Шуба с бекешей многозначительно переглянулись.
— Ну, дядя мой тоже в дворниках живал, — продолжал Лука Лукич, — стало быть, мы с тобою на одном солнышке онучи сушили. Верно! Ты — дворник, а я — подрядчик, и я, значит, желаю с тобою компанство иметь, потому: Лука Лукич — моей матери сын — нониче гуляет.
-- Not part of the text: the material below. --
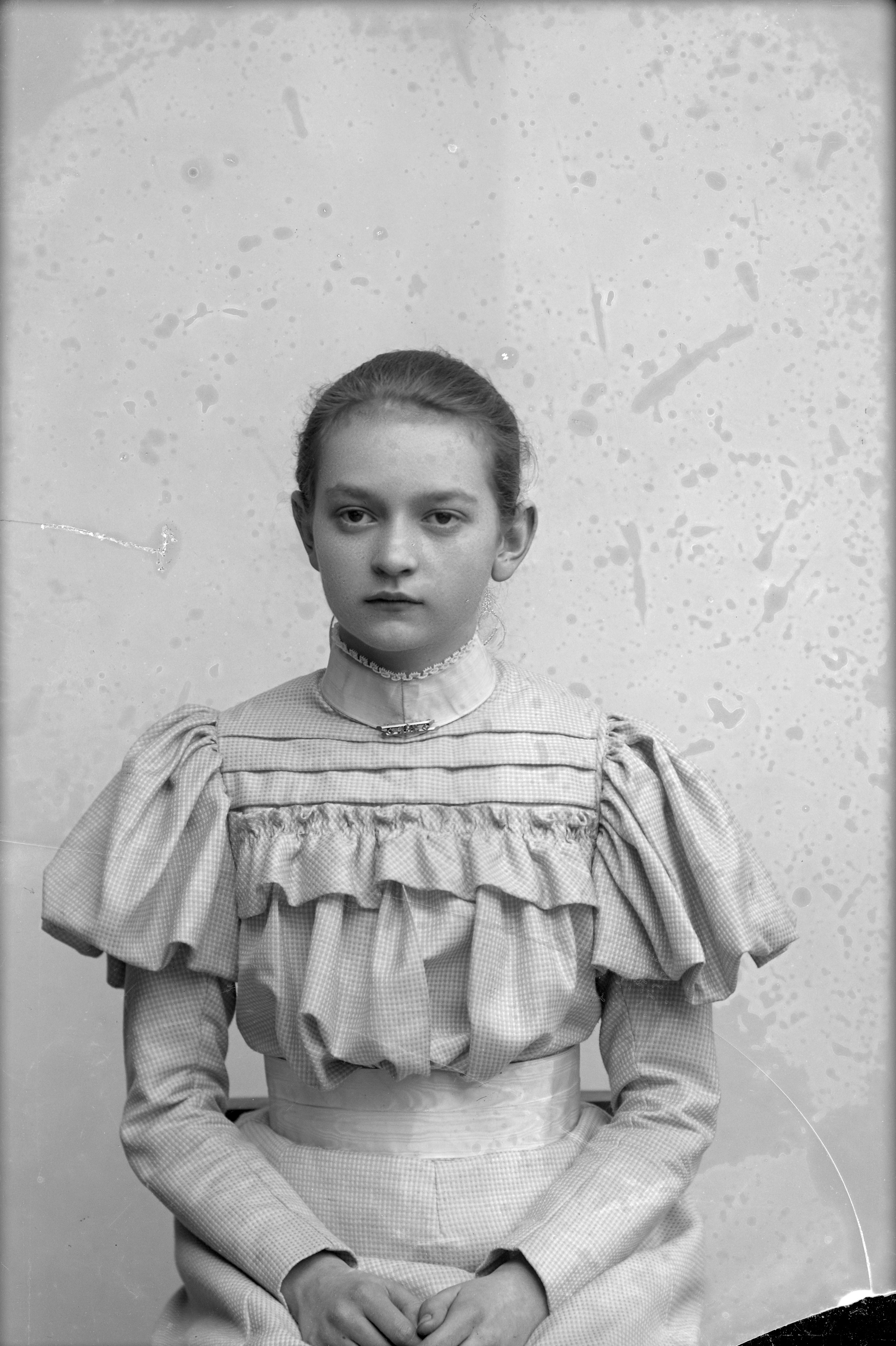 Porträtt i halvfigur av Hildur Johnsson, butiksbiträde i smöraffär.

Сторонись, душа! третья миралтейская скачет!
И с этими словами он ухарски опрокинул в глотку довольно крупную дозу спиртуозной жидкости и поставил стакан к себе на голову — ради очевидного доказательства, что в нем не осталось ни капли.
— Что здесь коптеть!.. — продолжал он, окинув глазами комнату. — Отдернем лучше на Крестовский, к Берке Свердлову в гости. Ходит, что ли?
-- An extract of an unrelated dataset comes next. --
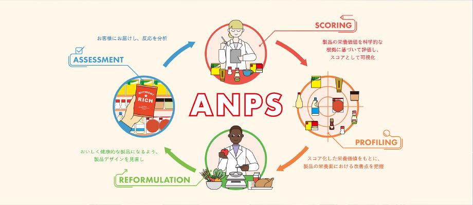 ANPS(The Ajinomoto Group Nutrient Profiling System)は味の素グループが独自に開発した栄養評価システムです。味の素グループが掲げる「妥協なき栄養(Nutrition Without Compromise)」を実現するために、おいしさはそのままに、栄養バランスの両立を評価できる仕組みとして、ANPSは科学的な検証を重ねながら設計されました。

— Ходит! — охотно согласился Иван Иваныч.
— Ну, а коли ходит, хватай его под руку! — скомандовал Лука Лукич, кивнув на угасшего Селифана, которого подхватили они вдвоем под мышки и поволокли из харчевни.
— Карчак! подкатывай! — свистнул высокий своему лихачу и усадил рядом с собою почти бесчувственного дворника.
Иван Иваныч ловко вскочил на облучок — и добрый конь шибко тронулся с места.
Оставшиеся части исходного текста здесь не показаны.